### [Work item]
The expected response is the complete listing below, restated exactly, with its pictures omitted.

### [Collected material]
-*-
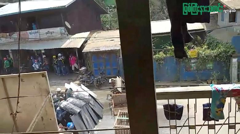 Người biểu tình ở Hpakant (Kachin) bỏ chạy khi bị xịt hơi cay. Truyền thông địa phương đưa tin ít nhất một người đã thiệt mạng ở Hpakant. Ảnh: Reuters
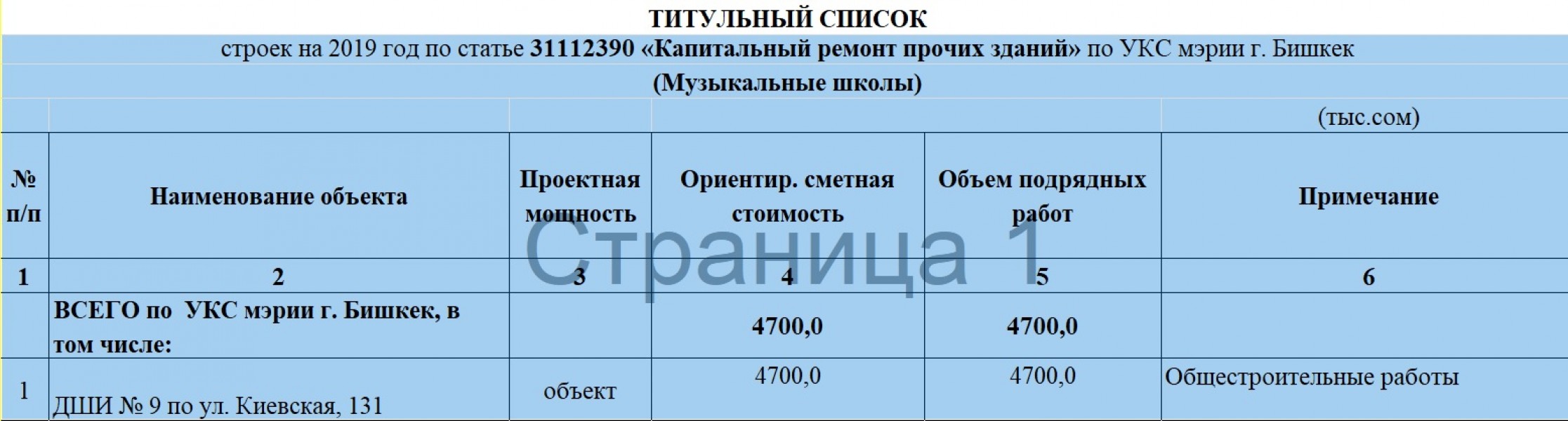 ТИТУЛЬНЫЙ СПИСОК СТРОЕК НА 2019 ГОД ПО СТАТЬЕ 31112390 "КАПИТАЛЬНЫЙ РЕМОНТ ПРОЧИХ ЗДАНИЙ" ПО УКС МЭРИИ г. БИШКЕК (МУЗЫКАЛЬНЫЕ ШКОЛЫ)
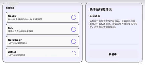 1、打开启动器后,先授予所需的权限,接着在启动器内点击安装按钮,以完成所需运行环境的安装
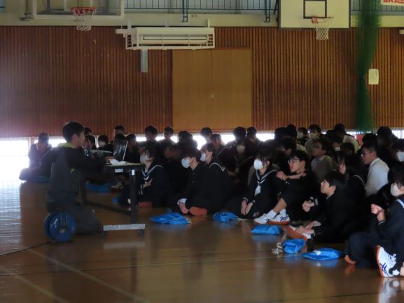 昨日、1年生ではスキー教室のまとめ集会を体育館で行いました。
-*-
### [Solution]
 Người biểu tình ở Hpakant (Kachin) bỏ chạy khi bị xịt hơi cay. Truyền thông địa phương đưa tin ít nhất một người đã thiệt mạng ở Hpakant. Ảnh: Reuters
 ТИТУЛЬНЫЙ СПИСОК СТРОЕК НА 2019 ГОД ПО СТАТЬЕ 31112390 "КАПИТАЛЬНЫЙ РЕМОНТ ПРОЧИХ ЗДАНИЙ" ПО УКС МЭРИИ г. БИШКЕК (МУЗЫКАЛЬНЫЕ ШКОЛЫ)
 1、打开启动器后,先授予所需的权限,接着在启动器内点击安装按钮,以完成所需运行环境的安装
 昨日、1年生ではスキー教室のまとめ集会を体育館で行いました。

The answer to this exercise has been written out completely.